To elaborate a little bit on the "canary" comment --

For a while at Airtable I was on the infra team that managed the deploy (basically click run and then sit and triage issues for a day), One of my first contributions on the team was adding a new canary analysis framework that made it easier to catch and rollback bugs automatically. Two things always bothered me about the standard canary release process:

1) It necessarily treats some users as lower value, and thus more acceptable to risk exposing bugs to (this makes sense for things like free-tier, etc. but the more you segment out, the less representative and thus less effective your canary is).

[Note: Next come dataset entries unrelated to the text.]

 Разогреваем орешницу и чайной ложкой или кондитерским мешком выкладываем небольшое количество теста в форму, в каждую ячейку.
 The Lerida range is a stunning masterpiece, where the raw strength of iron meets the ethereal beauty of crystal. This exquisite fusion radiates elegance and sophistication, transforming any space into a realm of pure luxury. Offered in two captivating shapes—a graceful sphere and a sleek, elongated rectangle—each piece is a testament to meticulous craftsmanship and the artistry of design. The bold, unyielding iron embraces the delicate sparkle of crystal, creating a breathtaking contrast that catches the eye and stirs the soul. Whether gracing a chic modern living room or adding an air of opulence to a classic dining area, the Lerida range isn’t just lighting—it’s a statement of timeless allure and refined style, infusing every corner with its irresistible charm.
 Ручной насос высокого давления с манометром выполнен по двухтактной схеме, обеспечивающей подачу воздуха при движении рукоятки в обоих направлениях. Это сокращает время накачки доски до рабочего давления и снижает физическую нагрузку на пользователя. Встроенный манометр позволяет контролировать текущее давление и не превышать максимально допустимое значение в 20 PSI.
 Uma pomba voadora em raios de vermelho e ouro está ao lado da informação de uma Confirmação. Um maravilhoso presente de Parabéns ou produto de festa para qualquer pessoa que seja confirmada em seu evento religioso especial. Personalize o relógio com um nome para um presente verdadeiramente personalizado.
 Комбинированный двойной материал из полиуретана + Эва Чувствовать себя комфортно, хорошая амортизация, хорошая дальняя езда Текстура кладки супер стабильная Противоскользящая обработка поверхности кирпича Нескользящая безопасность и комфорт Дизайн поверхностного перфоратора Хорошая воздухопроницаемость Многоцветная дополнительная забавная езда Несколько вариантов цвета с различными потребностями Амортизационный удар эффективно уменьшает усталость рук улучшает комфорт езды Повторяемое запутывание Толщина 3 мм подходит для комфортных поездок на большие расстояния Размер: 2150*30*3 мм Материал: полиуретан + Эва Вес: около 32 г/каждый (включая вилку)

When every customer interaction matters (as is the case for so many types of businesses) this approach is harder to justify

2) Low frequency / high impact bugs are really difficult to catch in canary analysis. While it’s easy to write metrics that catch glaring drops/spikes in metrics, more subtle high impact regressions are much harder and often require user reports (which we did not factor in as part of our canary). Example: how do you write a canary metric that auto rolls back when an enterprise account owner (small % of overall users) logs in and a broken modal prevents them from interacting with your website.

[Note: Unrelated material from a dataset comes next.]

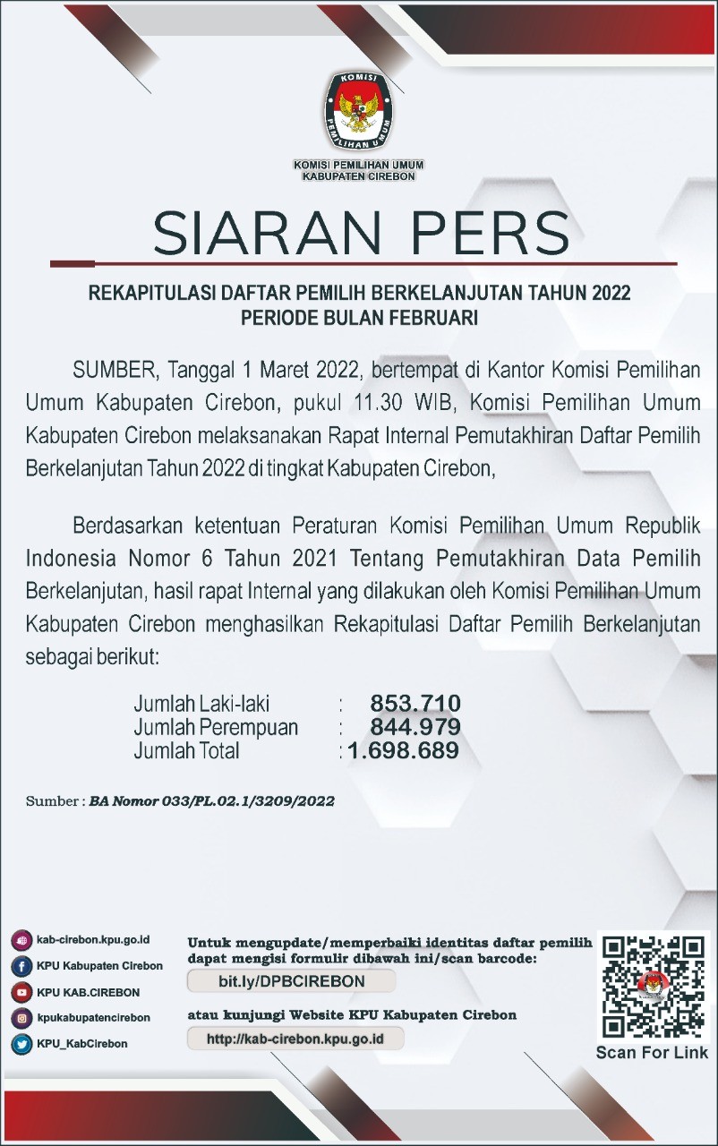 Rekapitulasi Daftar Pemilih Berkelanjutan Bulan Februari Tahun 2022 Kabupaten Cirebon
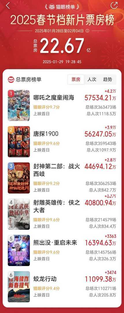 2025年春节档电影市场的火爆开局,无疑为全年电影市场注入了强劲的动力。随着春节档6部大片的同步上映,票房、影片口碑、特效表现等话题迅速成为社交媒体上的热点。1月29日,“票房”“哪吒特效”“唐探1900格局”等相关词条纷纷登上微博热搜榜,彰显了观众对于春节档电影的极高关注度。

I view what we’re building at Propolis as an answer to both of these things. I envision a deploy process (very soon) that lets us roll out to simulated traffic and canary on THAT before you actually hit real users (and then do a traditional staged release, etc.)

bfeynman•3mo ago
seems like you are misappropriating what canaries are useful and used for... they are designed to be lightweight and shallow... hence the name and whole analogy, canaries never were meant to determine if a mine was structurally unsafe etc
svnt•3mo ago
I don’t see how they have it wrong?

Canaries are lightweight and shallow once they exist. Building a canary from the ground up is still beyond us, but if you don’t want to kill an actual bird that is pretty much the only way to go.

mritchie712•3mo ago
I've been looking for this exact thing. A couple questions:

Are your agents good at testing other agents? e.g. I want your agent to ask our agent a few questions and complete a few UI interactions with the results.

How do you handle testing onboarding flows? e.g. I want your agent to create a new account in our app (https://www.definite.app/) and go thru the onboarding flow (e.g. add Stripe and Hubspot as integrations).

ttamslam•3mo ago
> Are your agents good at testing other agents? e.g. I want your agent to ask our agent a few questions and complete a few UI interactions with the results.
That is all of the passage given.